**Activity:** Would you print the records below from the first line through the line containing "Casa può accogliere", skipping the pictures?

**Task material:**
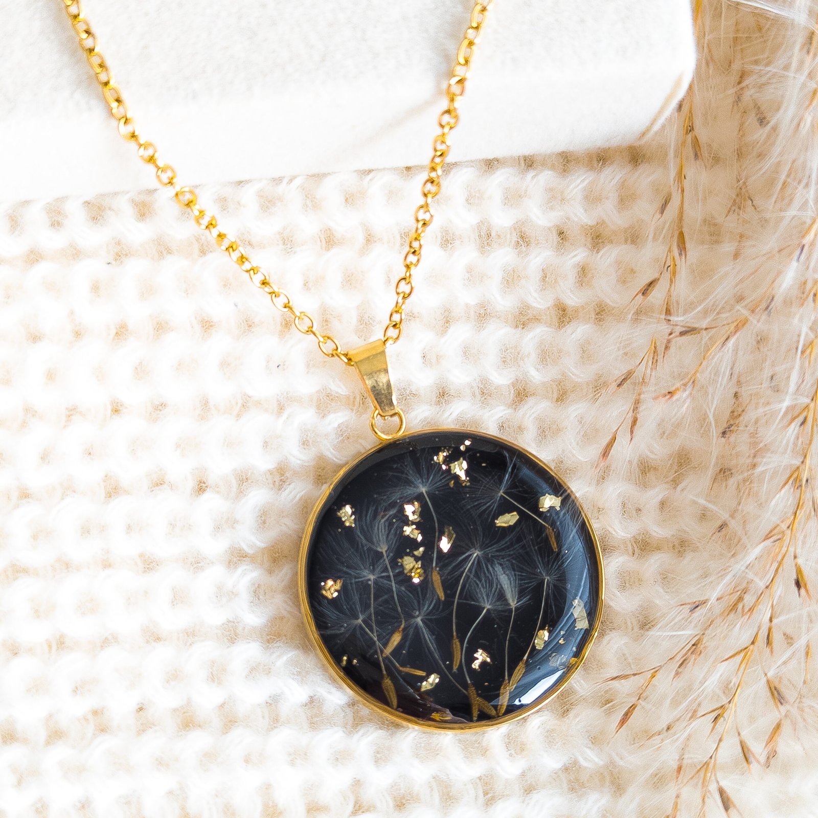 Uroczy naszyjnik z okrągłym wisiorem, w którym delikatne nasiona dmuchawca oraz płatki złotej folii zostały zatopione na eleganckim, czarnym tle. Ta unikalna kompozycja z żywicy przypomina gwiaździste nocne niebo i jest idealnym wyborem dla osób ceniących biżuterię inspirowaną naturą.
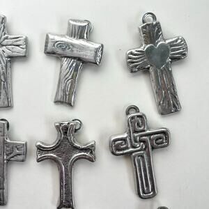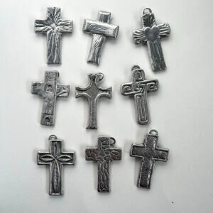 9-Piece Lot Small Handmade Pewter Silver Artistic Religious Crosses 3"
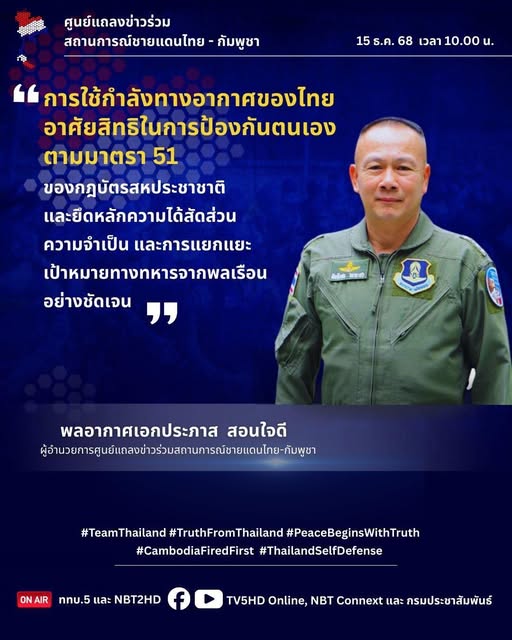 "การใช้กำลังทางอากาศของไทย อาศัยสิทธิในการป้องกันตนเองตามมาตรา ๕๑ ของกฎบัตรสหประชาชาติ และยึดหลักความได้สัดส่วน ความจำเป็น และการแยกแยะเป้าหมายทางทหารจากพลเรือนอย่างชัดเจน"
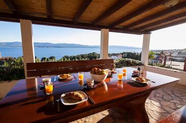 Casa può accogliere 6 ospiti. I letti sono disposti nelle camere da letto che sono 2, e nella camera di soggiorno, su 64m2. Gli ospiti hanno a disposizione il proprio terrazzo per godere nelle calde serate estive. Dalla casa si gode di una vista sul mare. Per il piacere totale e il relax c'è il barbecue privato solo per gli ospiti di quest'alloggio.
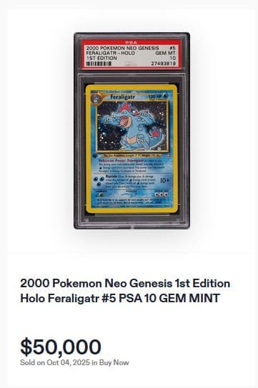 Neben beliebten Ikonen wie Lugia enthält Neo Genesis auch eine holografische Karte des voll entwickelten Johto-Starter-Pokémon Impergator. Ein makelloses englisches 1st-Edition-Exemplar wurde vor wenigen Tagen für beeindruckende 50.000 US-Dollar (ca. 42.500 €) versteigert. Bis zum Zeitpunkt dieses Artikels wurden insgesamt nur 22 Karten mit der höchstmöglichen PSA-10-Bewertung ausgezeichnet.
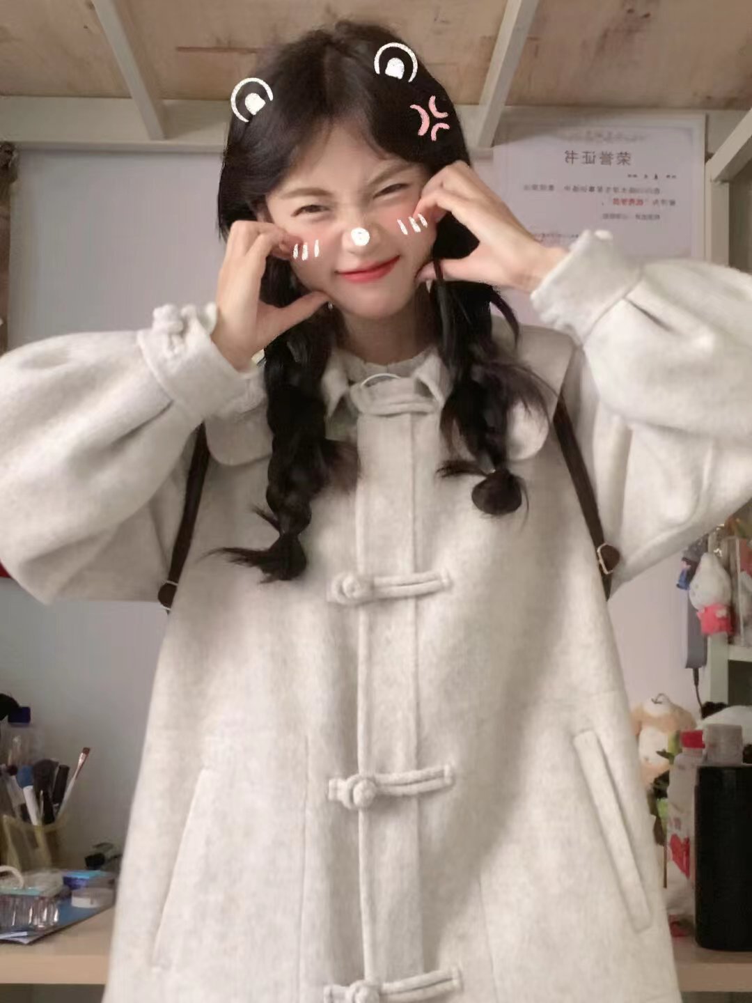 小柄な女性のためのカレッジスタイルのウールコート、ミドル丈の2025冬の新しいスタイルの人形の襟の気質ウールコートトレンディ
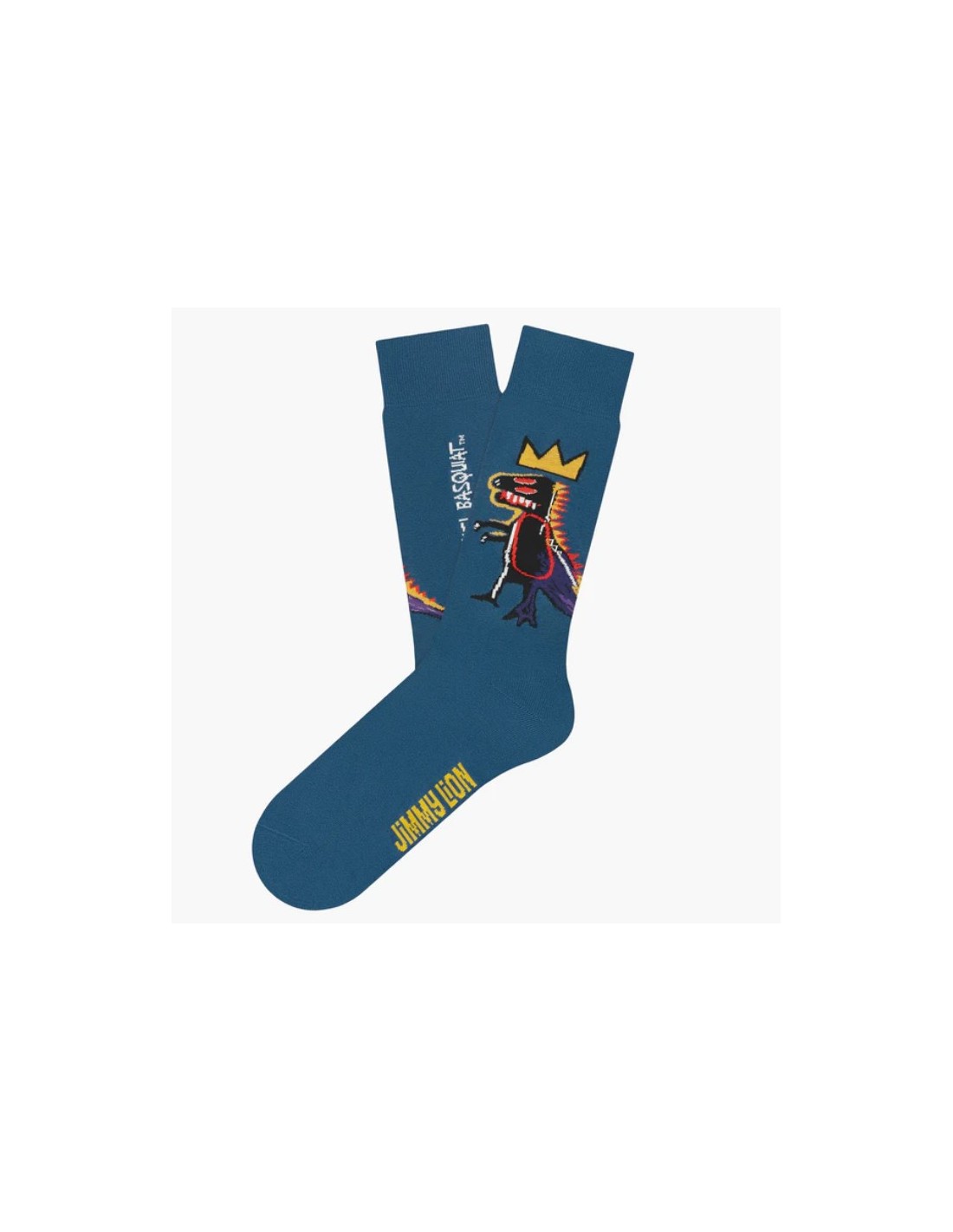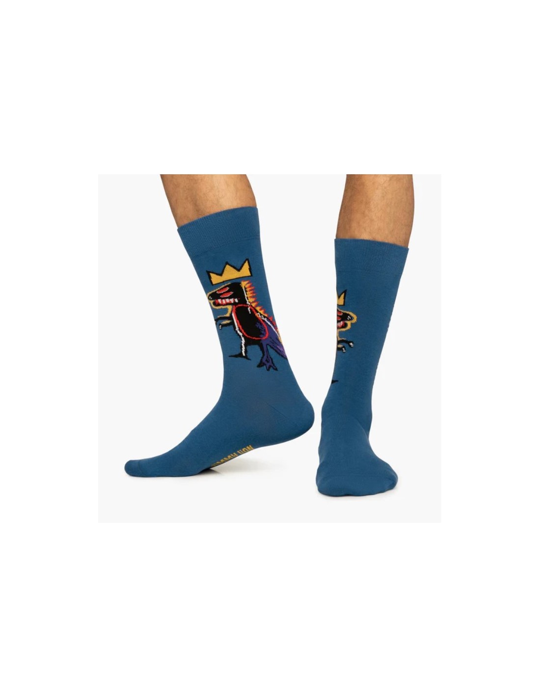 El diseño de estos calcetines presenta el famoso dinosaurio con su corona de tres puntas, uno de los símbolos más emblemáticos en la obra de Basquiat. Este detalle visual, junto con las figuras abstractas y los trazos espontáneos, captura perfectamente la energía cruda y libre que definió el trabajo de Basquiat. Además, la firma del propio artista en la parte interior del calcetín hace que estos calcetines sean aún más exclusivos y auténticos, un pequeño guiño al arte que podrás llevar siempre contigo.
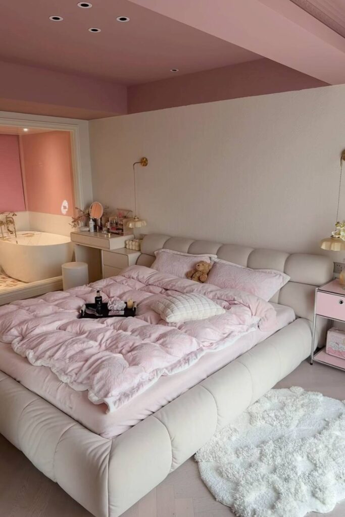Create a soft pastel retreat with a minimalist touch using gentle tones like light pink and beige. Opt for a low-profile bed with a tufted headboard and add soft bedding and pillows.

**Exercise output:**
 Uroczy naszyjnik z okrągłym wisiorem, w którym delikatne nasiona dmuchawca oraz płatki złotej folii zostały zatopione na eleganckim, czarnym tle. Ta unikalna kompozycja z żywicy przypomina gwiaździste nocne niebo i jest idealnym wyborem dla osób ceniących biżuterię inspirowaną naturą.
 9-Piece Lot Small Handmade Pewter Silver Artistic Religious Crosses 3"
 "การใช้กำลังทางอากาศของไทย อาศัยสิทธิในการป้องกันตนเองตามมาตรา ๕๑ ของกฎบัตรสหประชาชาติ และยึดหลักความได้สัดส่วน ความจำเป็น และการแยกแยะเป้าหมายทางทหารจากพลเรือนอย่างชัดเจน"
 Casa può accogliere 6 ospiti. I letti sono disposti nelle camere da letto che sono 2, e nella camera di soggiorno, su 64m2. Gli ospiti hanno a disposizione il proprio terrazzo per godere nelle calde serate estive. Dalla casa si gode di una vista sul mare. Per il piacere totale e il relax c'è il barbecue privato solo per gli ospiti di quest'alloggio.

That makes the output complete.